01-15-2004, 10:59 PM #4
Resolving Japanese text issues
This is the problem:
1. Japanese text in our web site appears at inconsistent, varying sizes and baseline positions. This could potentially happen on any web page we make in Japanese.
2. I don't read Japanese, so to my eye, EVEN as a somewhat experienced graphic designer, the page looks fine.

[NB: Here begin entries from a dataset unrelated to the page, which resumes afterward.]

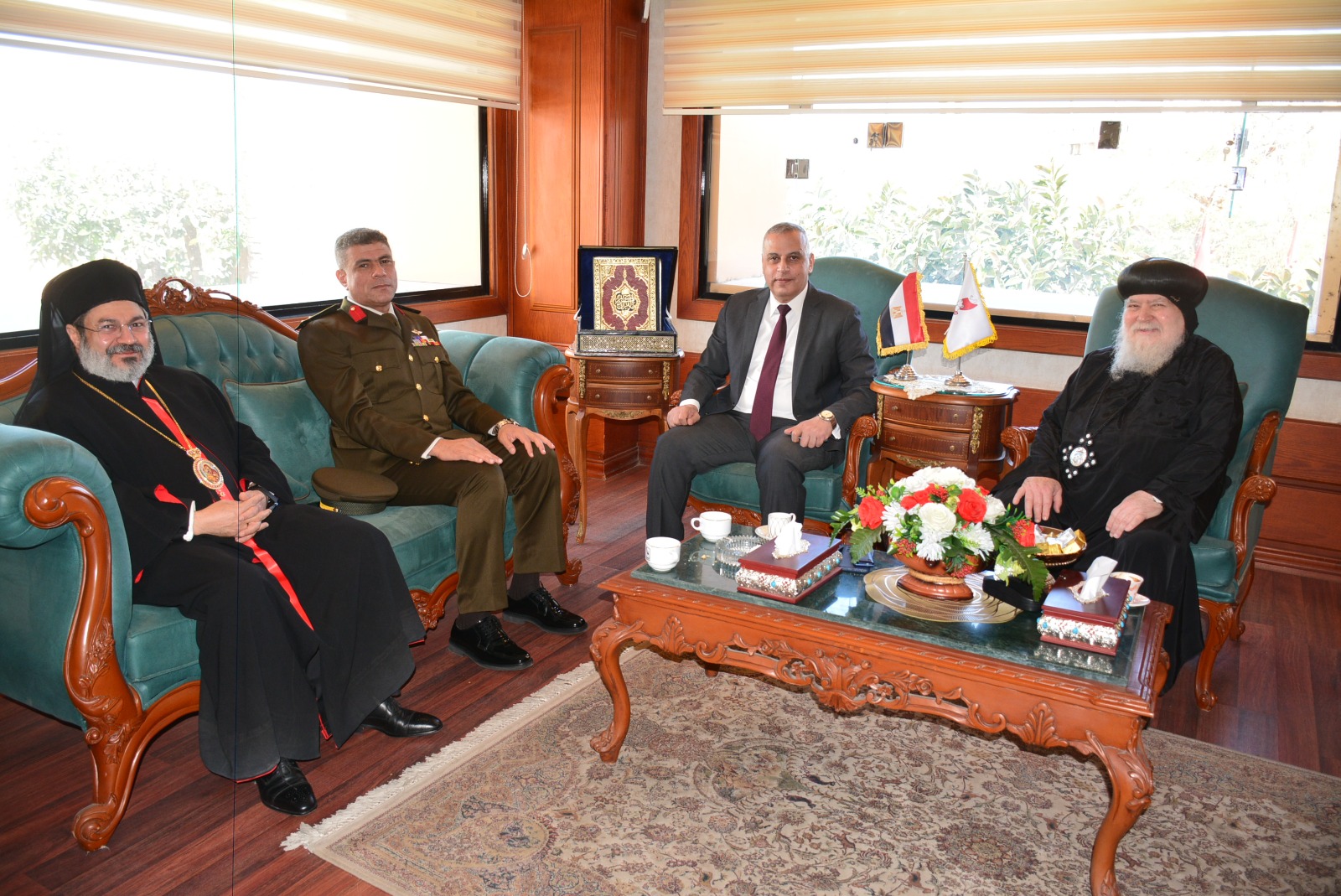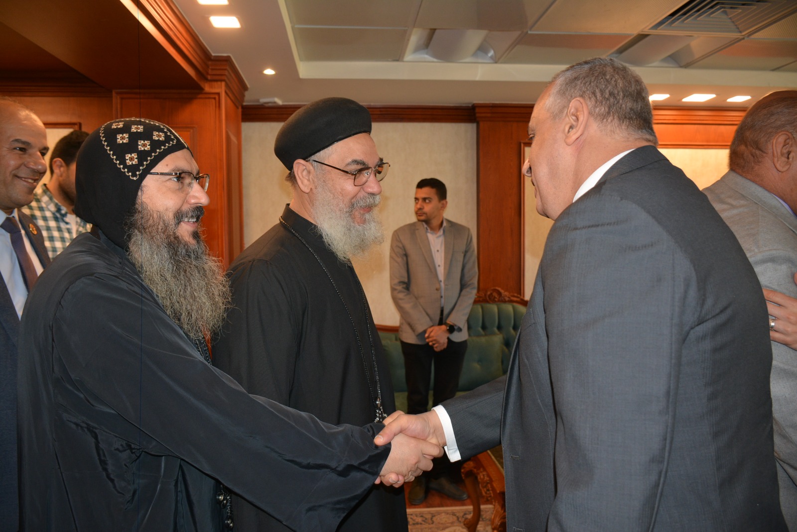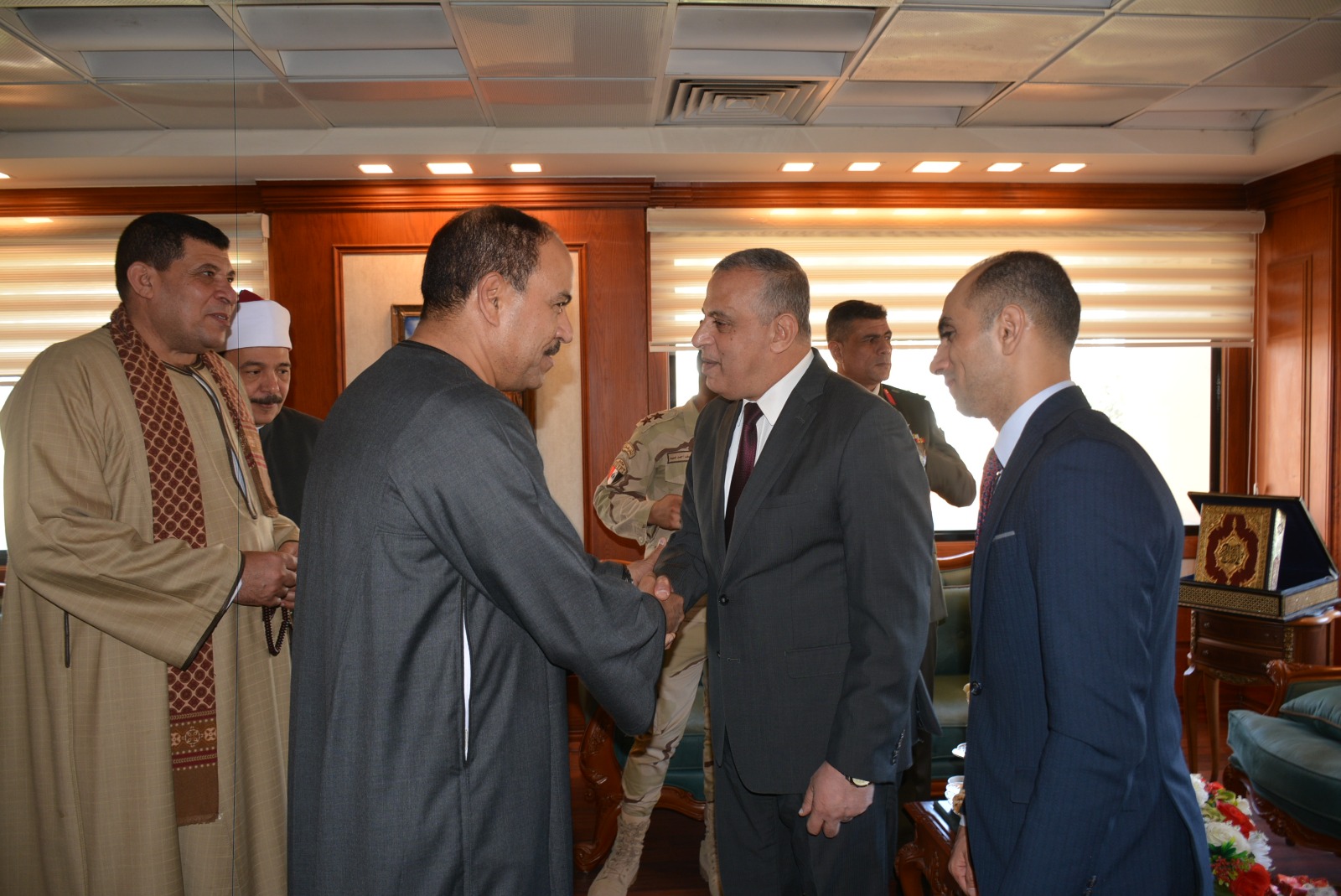واستقبل المحافظ اللواء محمد شرباش مدير أمن سوهاج، وعدد من القيادات الأمنية، والدكتور حسان النعماني رئيس الجامعة، وعددا من أعضاء هيئة التدريس، وعددا من أعضاء مجلسي النواب والشيوخ، والصحفيين، والإعلاميين، والتنفيذيين من رؤساء المدن ووكلاء الوزارات ورؤساء المصالح الحكومية، ورجال الدين الإسلامي والمسيحي، وممثلي الأحزاب السياسية، والحركات الشبابية، والشخصيات العامة، وأهالي سوهاج في جو يسوده الحب، والمودة، وبهجة العيد.
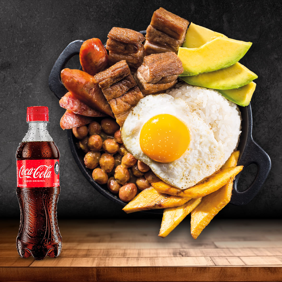 Bandeja paisa con frijol, arroz, aguacate, morcilla, chorizo, carne molida, huevo, arepa de pincho y Coca-Cola Original 400 ml.
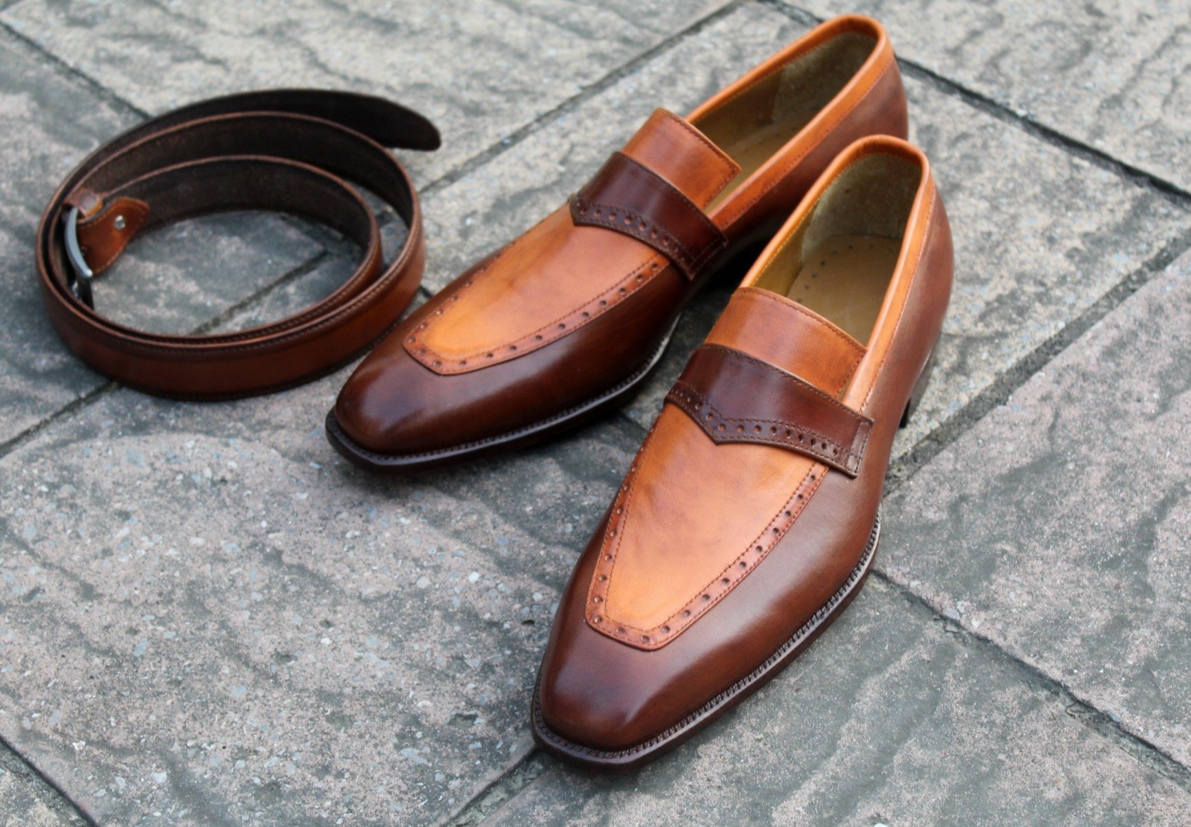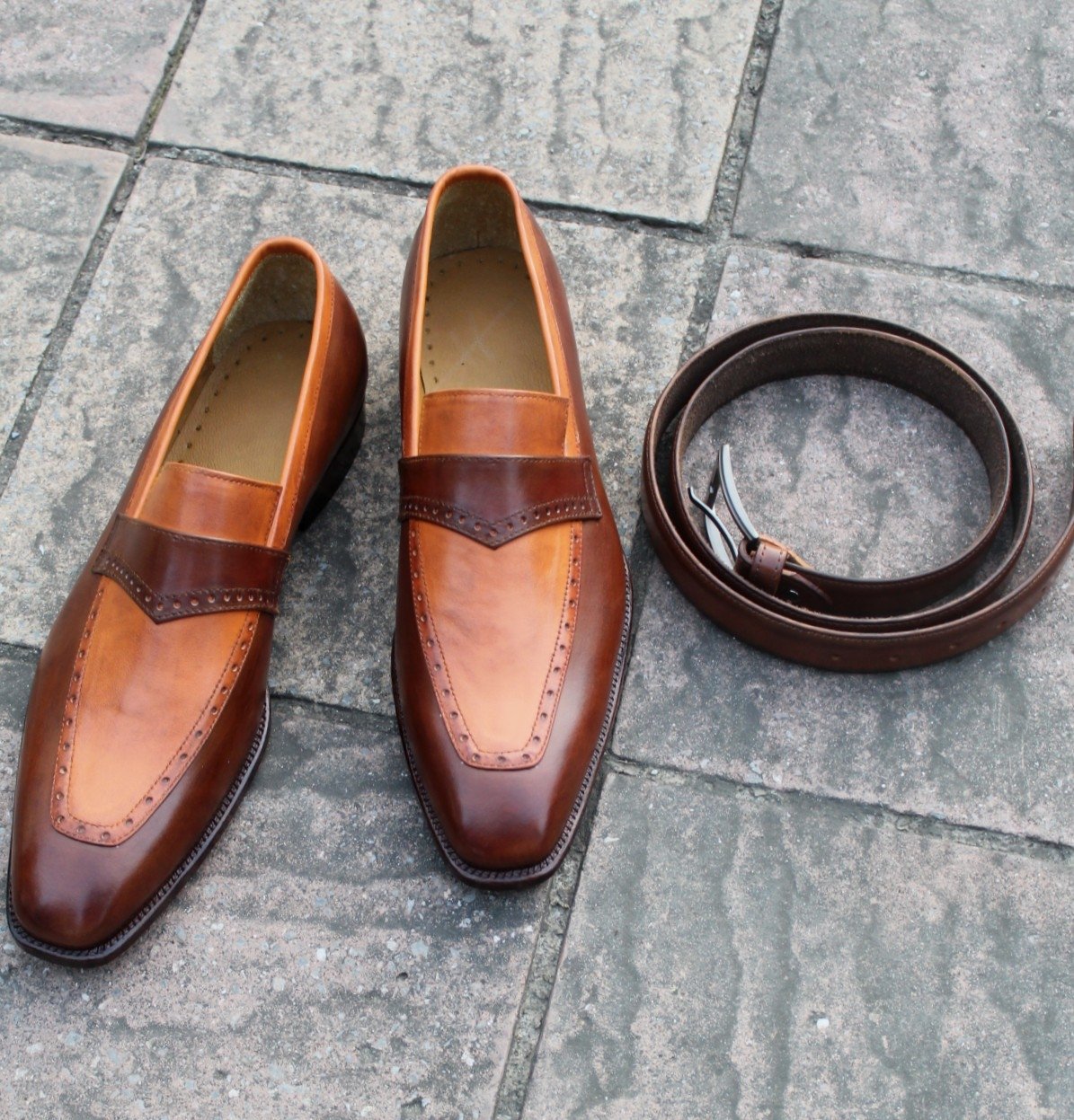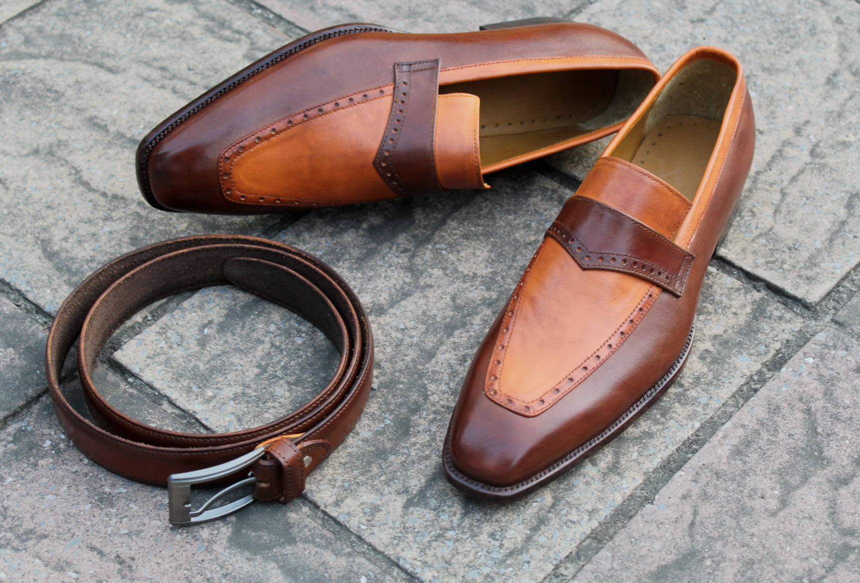 Crafted Leather Classic Brown Tan Leather Moccasin Loafers Dress Shoes With Matchinf Belt
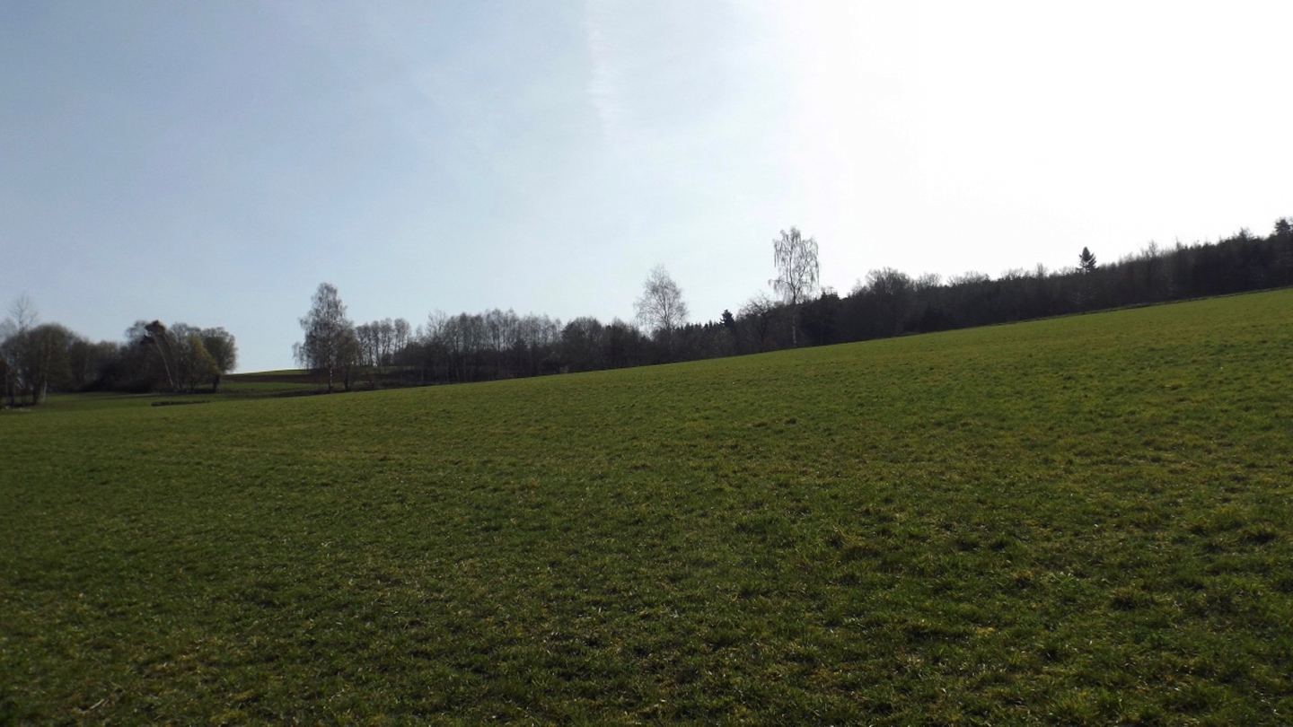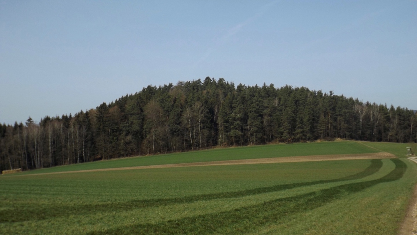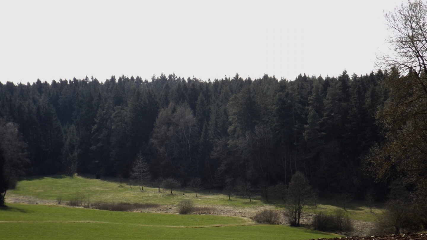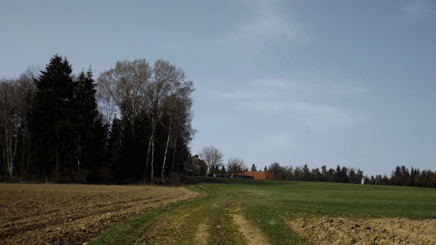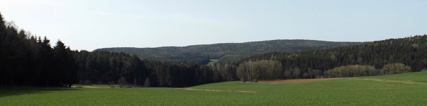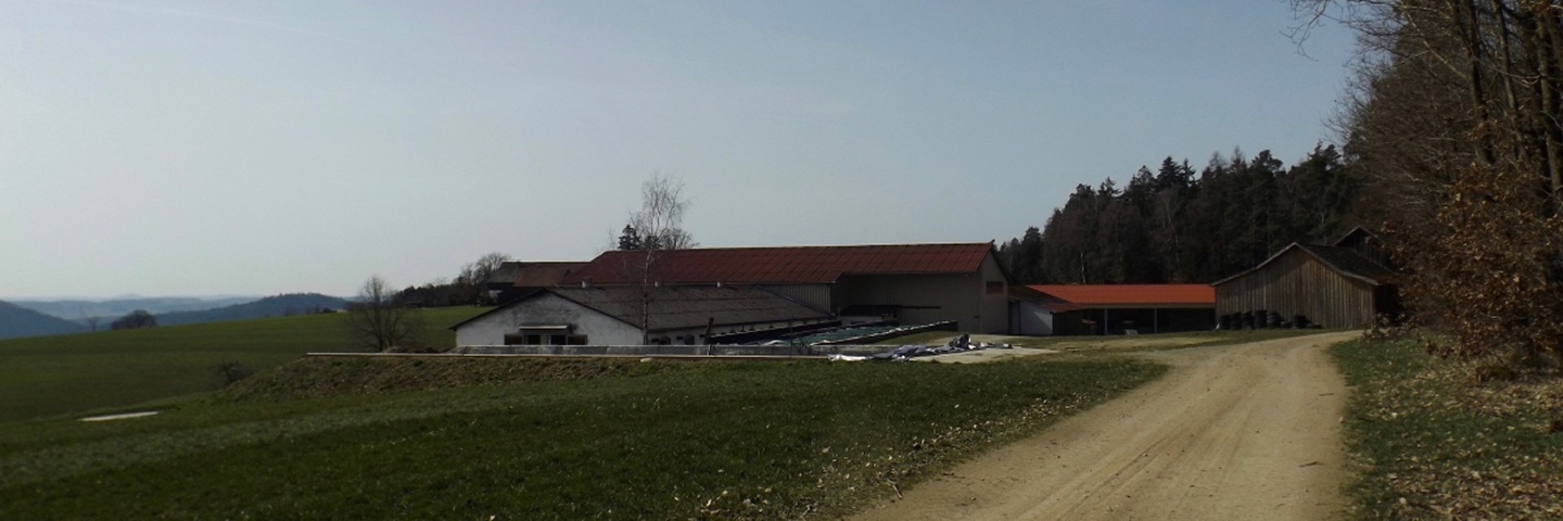 Die Strecke sei an dieser Stelle nur kurz umrissen, denn ganz unten ist ja eine Übersichtskarte angefügt. Es ging von der Mehrzweckhalle hinunter zum ehemaligen Bahnhof und von dort hinaus Richtung Niedermurach und bald den Berg hinauf Richtung Obermurach. Auf halber Höhe folgte die erste Stempel- und Suppenstation, an der wir uns von den Kurzstreckengängern verabschiedeten. Die Absolventen der Zehn-Kilometer-Variante verließen mich dann am Ortseingang von Obermurach, hätte ich gewusst, dass die Strecke kürzer ist, hätte ich wohl der Ruine Haus Murach den Besuch abgestattet, der vor ein paar Wochen mangels Schlüssel nicht möglich war, denn es waren eindeutig Personen im Burggelände zu sehen. So blieb ich auf der langen Strecke, die auf dem Goldsteig über den Kätzlesberg führte. Dieser stand, wenn auch ohne besonders hohe Priorität, auf meiner To-do-Liste in der Open-Office-Datei und ist dort ab jetzt als erledigt markiert. Kurz vor dem höchsten Punkt kam mir eine junge Dame mit zwei Pferden entgegen und wollte von mir wissen, wo man denn hinkommt. Auf meine Auskunft hin drehte sie um und suchte nach einem anderen Weg dorthin, wo sie hinwollte, da ihr der Weg über Obermurach zu weit und zu asphaltlastig war. Sie sollte mir später noch zwei Mal begegnen. Irgendwann endet jeder Kamm und so war es auch dieses Mal, unsere Strecke verließ den Wald beim Hauserlohhof und führte über die Staatsstraße und durch noch mehr Wald hinunter ins Aschatal, wo in Hohenthal die zweite Stempelstelle eingerichtet war. Dort pausierte ich für die mitgebrachte Schinkensemmel (die obligatorischen Apfelvierterln verteilten sich wie immer über den ganzen Tag), bevor es auf der anderen Talseite hinauf nach Zengeröd und über Untereppenried hinauf zum Johannisberg ging. Dieser hat mit seinem Namenskollegen bei Freudenberg eigentlich nur die Existenz einer Wallfahrtskirche gemeinsam, wobei es da bereits einen gewaltigen Altersunterschied gibt. Auf diesem Wegabschnitt gab es ein hin und her in Sachen Überholen mit zwei älteren Herren aus Zirndorf, es blieb aber freundschaftlich. Die Strecke war speziell hier sehr abwechslungsreich, es war für jeden etwas geboten, sogar für die Freunde des gepflegten Gestrüppkampfes. Der Abstieg vom Johannisberg folgte erst einmal dem Kreuzweg, nach der Unterquerung der Ostmarkstraße bog die Strecke jedoch noch einmal ab und führte vorbei an Tressenried, um noch ein paar hundert Meter Länge zu gewinnen. Am Ende plätscherte die Wanderung wieder auf der Bahnstrecke aus, bevor sie durch eine kleine Auenlandschaft zurück zur Mehrzweckhalle führte. Dort bedankte ich mich bei den Organisatoren und verhalf wie bereits erwähnt den Wanderfreunden noch zu etwas Verpflegungsumsatz, bevor ich mich nach Nabburg aufmachte.

The characters could be grossly malformed and I might not notice!
3. In Safari (Apple's web browser) fonts almost always look beautiful, anti-aliased and almost always show the correct choices, seemingly that holds true for Japanese fonts as well.
4. In Internet Explorer or Netscape, the fonts look (according to a Japanese reader) "awful" to "semi-acceptable"...
5. We don't have hours and hours to spend trying to kill this font issue through experimentation with different tags, etc.
6. Through CSS we can only make platform-specific, unpredictable font choices.
7. There are many styles of calligraphy available, and yet it seems we cannot choose "modern" over "classic" styles, our only choices are "larger", "smaller" and "bold" and "regular" weights.
8. We need a comprehensive, simple solution that will work (mainly) in Internet Explorer (fairly modern version) on Windows PCs, the most common browser configuration and gives us attractive lettering.
1. This seems to be a common problem for web sites, although a few sites don't have that issue.
2. We have one example of a page which seems to have consistent-looking text, and the address is:
3. The system "plain old Japanese font" on Macs is "Osaka" (or "Osaka Mincho").
Simple solutions that give us decent, readable Japanese text are greatly appreciated!